Kyza starts at the tone of my voice and reaches for the door handle. She isn’t leaving yet.

I need answers. Answers that I know somewhere deep inside of me that she doesn’t have. How could she? I move quickly and slam my hand against the door to keep it closed. Kyza jumps up and screams. I start to reach for her when the door is shoved open. I stumble back as the door slams into me. Both Viking and Grinder are standing there looking between the two of us. Kyza is in tears with her arms wrapped around herself as Grinder comes into my room. He pulls her toward him, but she’s hesitant.

“It’s okay darlin’.”

“What is this shit?” Viking asks looking between us again.

I run my hand through my hair and sigh.

“I don’t fuckin’ know.”

“You don’t fuckin’ know?

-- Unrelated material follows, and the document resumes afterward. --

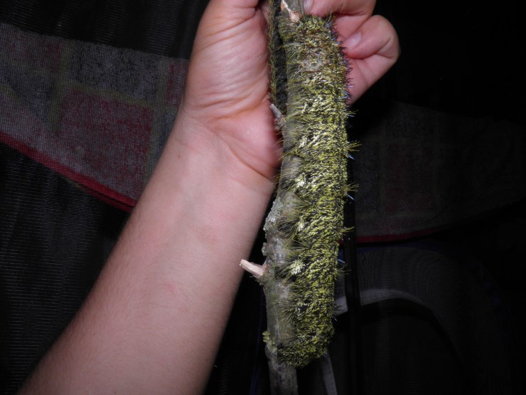 In fact, one of my friends in the Netherlands made the mistake of rubbing his eyes with his hands after touching a larva. Yes, one of the spikes made it into his cornea and had to be removed by a doctor, rendering him blind for a week. So please beware if you are rearing Gonometa (I think any member of this genus may have these spines!).

You’ve got a girl in here screamin’ like you’re tryin’ to kill her and you don’t fuckin’ know?” Viking roars. Grinder has Kyza pulled into his chest trying to soothe her.

“I didn’t fuckin’ hurt her.”

“Then why the fuck is she screamin’?” Viking asks as he moves closer to me. His face softens slightly as he seems to see what my problem is. “This isn’t the way to get them brother. She doesn’t know what’s got you so fucked in the head Monster. What are you doin’?”

“I fucked up. I just wanted answers,” I tell him.

“I’m takin’ her out of here,” Grinder adds.

Viking nods his head and I’m about to say no, but I can’t. I have no right to keep her here. What the hell is wrong with my fucking head?

“You wanna explain this shit?”

“She was at the clinic when I was there. I scared her one night when I walked in on her. She didn’t say shit to me Viking. Didn’t ask. She didn’t even look at them.”

“I don’t get it brother. I really don’t. You met a woman who doesn’t look at your scars, ask questions or lose her shit and you have a problem with that? Women usually asks you about them and then you lose your shit. What the fuck do you want here man?” Viking asks raising his arms out to his sides.

I wish I knew. I wish to fuck I had an answer to his question, but I don’t. Viking backs away and leaves me alone in my room.

“Fuck!”

I hate that I’m fucked in the head the way I am. With everything in me I hate that these fucking scars still hold so much power over me even after all of these years. I’ve seen fucking shrinks like I was told to do; I did the fucking counseling and I’m still just as screwed up as ever.

I head into the bathroom and wash my face and try to calm my breathing before I head back out to the party. I shouldn’t have messed with her. I shouldn’t have asked Paul to even bring her here to begin with.

“You okay?” Mason asks when I step up next to him at the bar.

“Yeah. Lost my shit a little.”

“I heard. Viking’s pissed brother.”

I nod my head since I already know this. Hell, I’m pissed at myself for what I did. I glance up as I grab my beer and see Doc and Kyza heading for the door. I know I owe her an apology, but I don’t know if I should approach her or not right now. I fucked up yet again, and this time I’m fucking with someone that doesn’t even know me.

“Let it go Monster. She’s isn’t one of us anyway. You’ll probably never see her again,” Mason tells me.